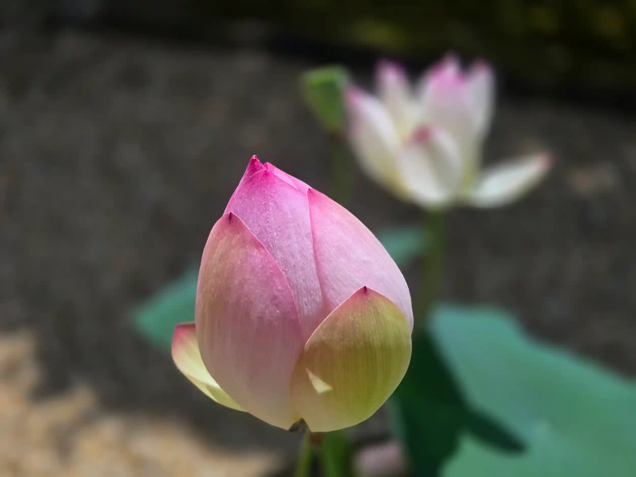 実は、一昨年にこちらの副住職に蓮根をおすそ分けしていただき、我が家でも育てているのですが、一昨年も去年も立派な葉が何本も立っているのですが、花が咲かず・・・
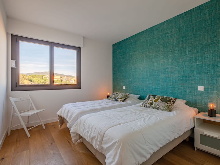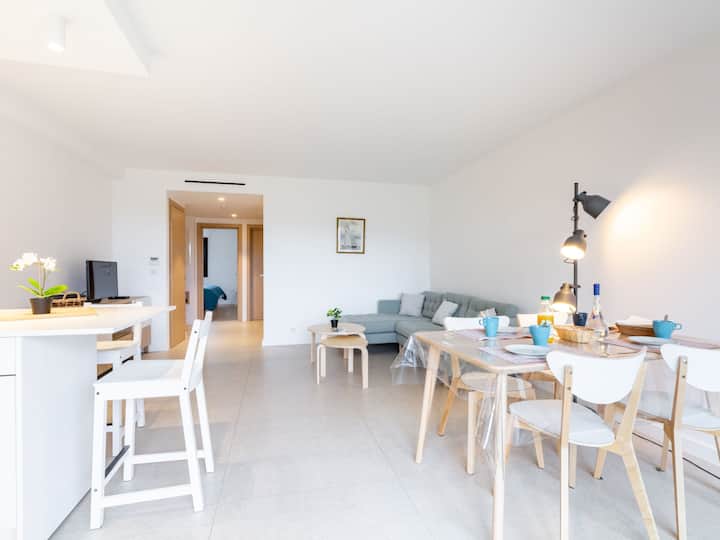Appartement 3 pièces 61 m2 sur 1 étage, position plein sud. Mobilier moderne : salon/salle à manger avec télévision (écran plat). Sortie vers le balcon. 1 chambre avec 1 lit double (2 x 90 cm, longueur 200 cm), climatisation. 1 chambre avec 2 lits (90 cm, longueur 190 cm), climatisation.
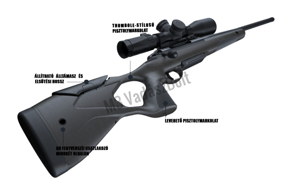 A fegyver szintetikus tussal kapható csak (a belsejében alumínium vázzal), a markolatnál pedig bőrhatású gumírozást kapott. A pofadékmagasság és a tushossz állítható. Az alján egy M-LOK nevű csatlakozó található, ahová kiegészítőket rögzíthetünk, például egy kifordítható monopodot, ami elülső bipod használata esetén hátul tudja feltámasztani a puskát.
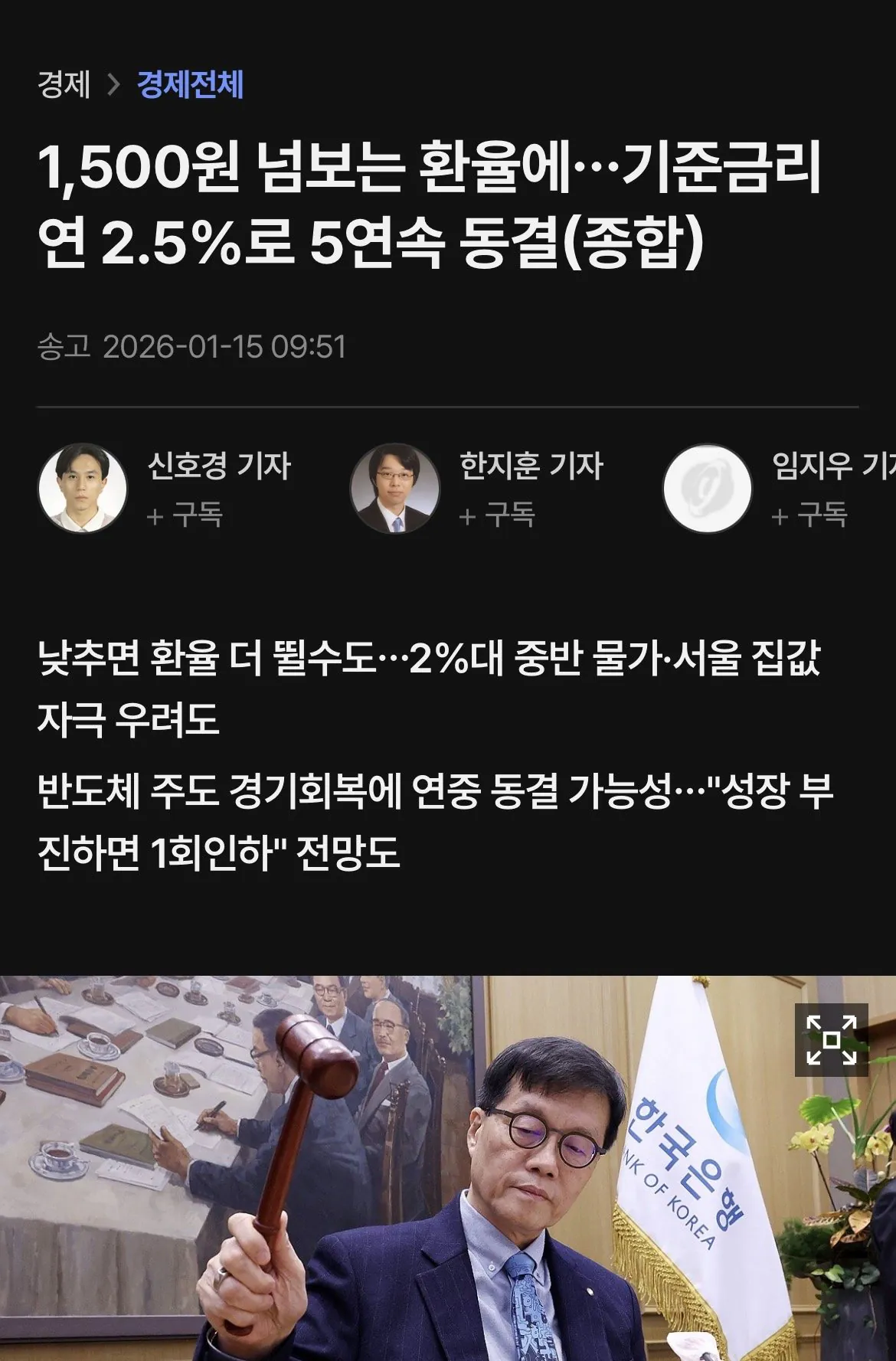 기준금리 연 2.5%로 동결
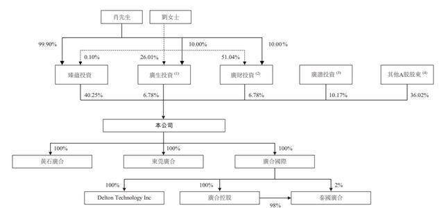 IPO前,肖红星、刘锦婵夫妇合计持股53.81%。广谐和投资(曾红持有66.67%,GP、王峻持有20%、黎钦源持有13.33%))持股10.17%,其他A股股东持股36.02%。
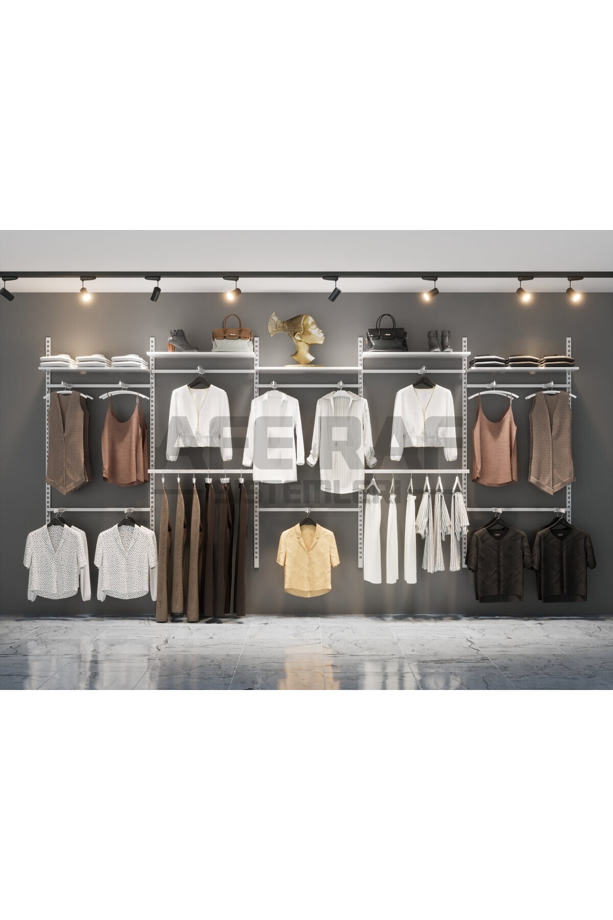 Mağaza Raf Sistemi, Askılık Sistemi, Butik Rafı, Mağaza Stand, Giyinme Odası-455*200 Mağaza Raf Sistemi, Askılık Sistemi, Butik Rafı, Mağaza Stand, Giyinme Odası-455*200 AFEYENİ 5Lİ-455*200* تک سایز
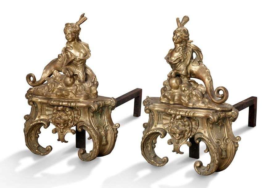 PAIRE DE CHENETS en bronze ciselé et doré à décor de figures anthropomorphes reposant sur des consoles à volutes ornées au centre de mufles de lion. XIXe siècle, style Régence
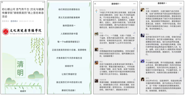 清明节期间,文化与健康传播学院举办了“清明祭英烈”网上签名寄语活动,同学们积极参与,表达自己的缅怀之情。活动中,同学们进一步了解了烈士们为祖国为人民抛头颅、洒热血,不惜牺牲自己生命的感人事迹,更深刻地体会到了先烈们那种坚贞不屈、英勇无畏的高贵品质和革命精神。他们纷纷表示,要继承先烈的遗志,努力学习,奋勇拼搏,勇敢地挑起建设祖国的重担,把热爱党、热爱祖国、热爱人民化为实现中华民族伟大复兴的力量。
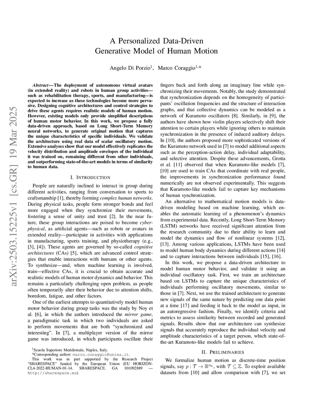 The deployment of autonomous virtual avatars (in extended reality) and robots in human group activities -- such as rehabilitation therapy, sports, and manufacturing -- is expected to increase as these technologies become more pervasive. Designing cognitive architectures and control strategies to drive these agents requires realistic models of human motion. Furthermore, recent research has shown that each person exhibits a unique velocity signature, highlighting how individual motor behaviors are both rich in variability and internally consistent. However, existing models only provide simplified descriptions of human motor behavior, hindering the development of effective cognitive architectures. In this work, we first show that motion amplitude provides a valid and complementary characterization of individual motor signatures. Then, we propose a fully data-driven approach, based on long short-term memory neural networks, to generate original motion that captures the unique features of specific individuals. We validate the architecture using real human data from participants performing spontaneous oscillatory motion. Extensive analyses show that state-of-the-art Kuramoto-like models fail to replicate individual motor signatures, whereas our model accurately reproduces the velocity distribution and amplitude envelopes of the individual it was trained on, while remaining distinct from others.
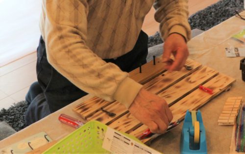 今回も講師役の千葉が木材をカット・塗装・焼き付けなどして「白木・チャコール色・焼き板」の3種類の板を準備してくれました。お好みの色の板を選んだら、まずは出来上がりの形をイメージして板を並べてみましょう。
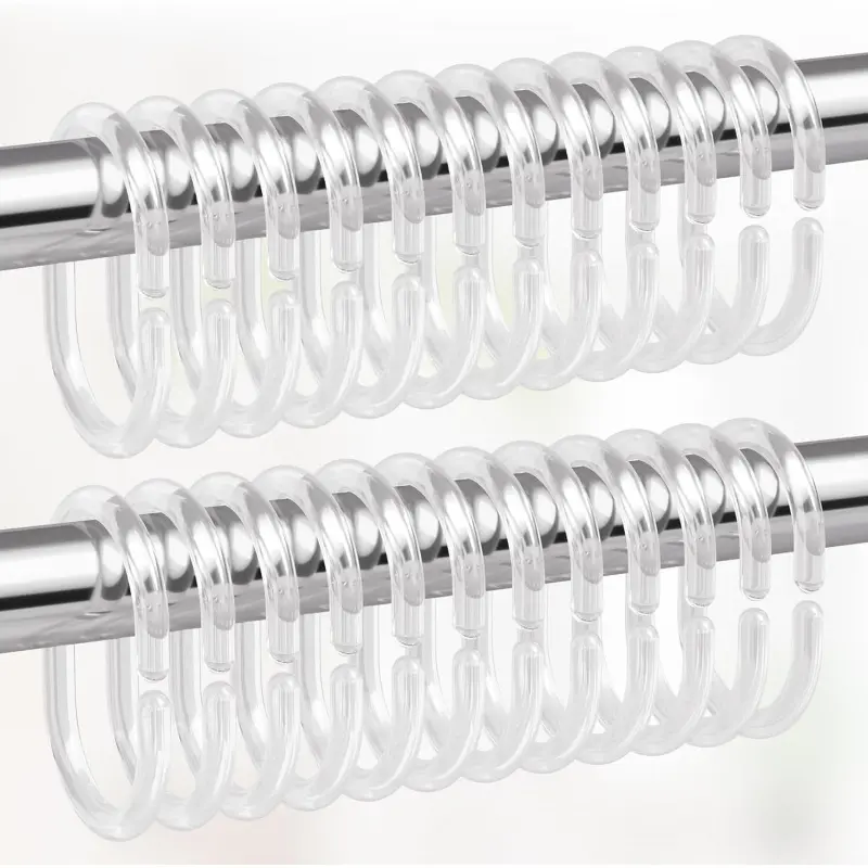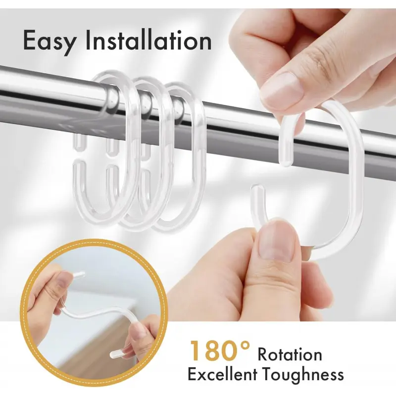 Plastic Shower Curtain Rings, Shower Curtain Hooks, 24 Pcs C Shaped Shower Hooks for Shower Curtain, Clear Shower Curtain Hooks for Bathroom
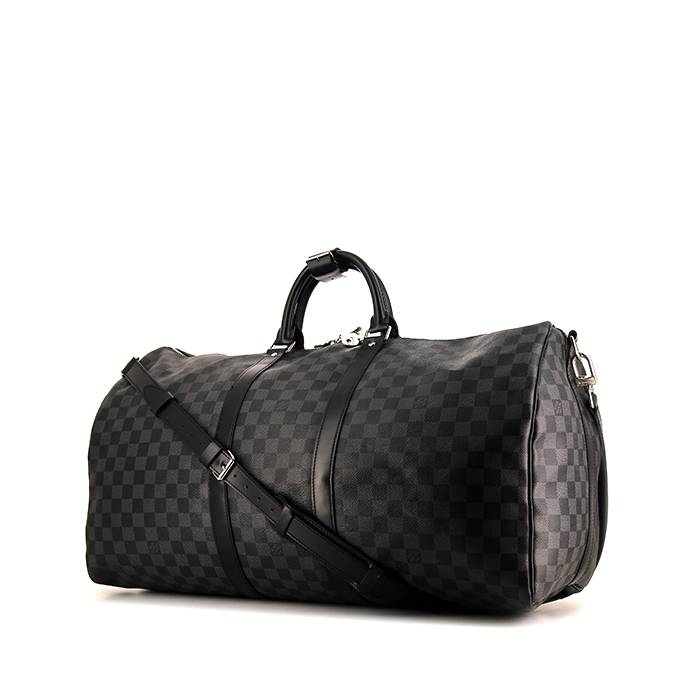 Inconfundible bolsa de viaje Louis Vuitton Keepall 55 cm de lona a cuadros revestida gris y de cuero negro, adorno en metal plateado, doble asa de cuero negro, bandolera extraíble y ajustable de cuero negro para llevar en la mano o colgado al hombro o cruzado.
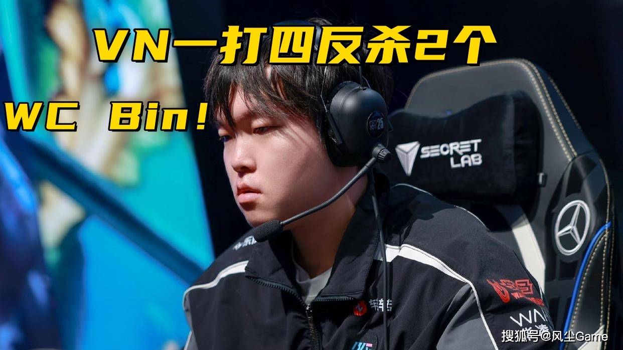 Bin哥隐身了20多分钟,直到三件套,才开始有作用,28分钟,BLG拿到大龙,推上路的时候,中野被IG击杀,四个人追VN,结果反手被Bin哥秀了,1打4的情况下,Bin先杀打野再击杀AD,虽然最后阵亡了,但也是一打四反杀两个,Bin哥这波操作,绝对是第二赛段,画面感最强的VN。
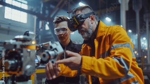 Mature engineer in a jacket explaining robotics technology to a young man in an industrial setting, showcasing advanced machinery and collaborative work environment, ideal for business presentations a
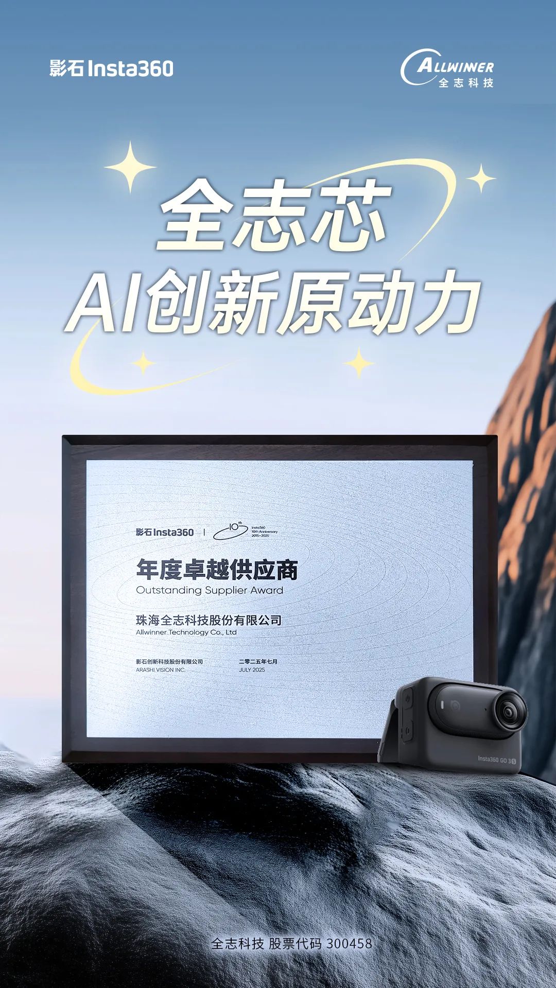 全志科技获影石Insta360 “年度卓越供应商”称号

^^^^

Work order -> Word for word, reproduce all the data, but not the pictures.

Task result ->
 実は、一昨年にこちらの副住職に蓮根をおすそ分けしていただき、我が家でも育てているのですが、一昨年も去年も立派な葉が何本も立っているのですが、花が咲かず・・・
Appartement 3 pièces 61 m2 sur 1 étage, position plein sud. Mobilier moderne : salon/salle à manger avec télévision (écran plat). Sortie vers le balcon. 1 chambre avec 1 lit double (2 x 90 cm, longueur 200 cm), climatisation. 1 chambre avec 2 lits (90 cm, longueur 190 cm), climatisation.
 A fegyver szintetikus tussal kapható csak (a belsejében alumínium vázzal), a markolatnál pedig bőrhatású gumírozást kapott. A pofadékmagasság és a tushossz állítható. Az alján egy M-LOK nevű csatlakozó található, ahová kiegészítőket rögzíthetünk, például egy kifordítható monopodot, ami elülső bipod használata esetén hátul tudja feltámasztani a puskát.
 기준금리 연 2.5%로 동결
 IPO前,肖红星、刘锦婵夫妇合计持股53.81%。广谐和投资(曾红持有66.67%,GP、王峻持有20%、黎钦源持有13.33%))持股10.17%,其他A股股东持股36.02%。
 Mağaza Raf Sistemi, Askılık Sistemi, Butik Rafı, Mağaza Stand, Giyinme Odası-455*200 Mağaza Raf Sistemi, Askılık Sistemi, Butik Rafı, Mağaza Stand, Giyinme Odası-455*200 AFEYENİ 5Lİ-455*200* تک سایز
 PAIRE DE CHENETS en bronze ciselé et doré à décor de figures anthropomorphes reposant sur des consoles à volutes ornées au centre de mufles de lion. XIXe siècle, style Régence
 清明节期间,文化与健康传播学院举办了“清明祭英烈”网上签名寄语活动,同学们积极参与,表达自己的缅怀之情。活动中,同学们进一步了解了烈士们为祖国为人民抛头颅、洒热血,不惜牺牲自己生命的感人事迹,更深刻地体会到了先烈们那种坚贞不屈、英勇无畏的高贵品质和革命精神。他们纷纷表示,要继承先烈的遗志,努力学习,奋勇拼搏,勇敢地挑起建设祖国的重担,把热爱党、热爱祖国、热爱人民化为实现中华民族伟大复兴的力量。
 The deployment of autonomous virtual avatars (in extended reality) and robots in human group activities -- such as rehabilitation therapy, sports, and manufacturing -- is expected to increase as these technologies become more pervasive. Designing cognitive architectures and control strategies to drive these agents requires realistic models of human motion. Furthermore, recent research has shown that each person exhibits a unique velocity signature, highlighting how individual motor behaviors are both rich in variability and internally consistent. However, existing models only provide simplified descriptions of human motor behavior, hindering the development of effective cognitive architectures. In this work, we first show that motion amplitude provides a valid and complementary characterization of individual motor signatures. Then, we propose a fully data-driven approach, based on long short-term memory neural networks, to generate original motion that captures the unique features of specific individuals. We validate the architecture using real human data from participants performing spontaneous oscillatory motion. Extensive analyses show that state-of-the-art Kuramoto-like models fail to replicate individual motor signatures, whereas our model accurately reproduces the velocity distribution and amplitude envelopes of the individual it was trained on, while remaining distinct from others.
 今回も講師役の千葉が木材をカット・塗装・焼き付けなどして「白木・チャコール色・焼き板」の3種類の板を準備してくれました。お好みの色の板を選んだら、まずは出来上がりの形をイメージして板を並べてみましょう。
 Plastic Shower Curtain Rings, Shower Curtain Hooks, 24 Pcs C Shaped Shower Hooks for Shower Curtain, Clear Shower Curtain Hooks for Bathroom
 Inconfundible bolsa de viaje Louis Vuitton Keepall 55 cm de lona a cuadros revestida gris y de cuero negro, adorno en metal plateado, doble asa de cuero negro, bandolera extraíble y ajustable de cuero negro para llevar en la mano o colgado al hombro o cruzado.
 Bin哥隐身了20多分钟,直到三件套,才开始有作用,28分钟,BLG拿到大龙,推上路的时候,中野被IG击杀,四个人追VN,结果反手被Bin哥秀了,1打4的情况下,Bin先杀打野再击杀AD,虽然最后阵亡了,但也是一打四反杀两个,Bin哥这波操作,绝对是第二赛段,画面感最强的VN。
 Mature engineer in a jacket explaining robotics technology to a young man in an industrial setting, showcasing advanced machinery and collaborative work environment, ideal for business presentations a
 全志科技获影石Insta360 “年度卓越供应商”称号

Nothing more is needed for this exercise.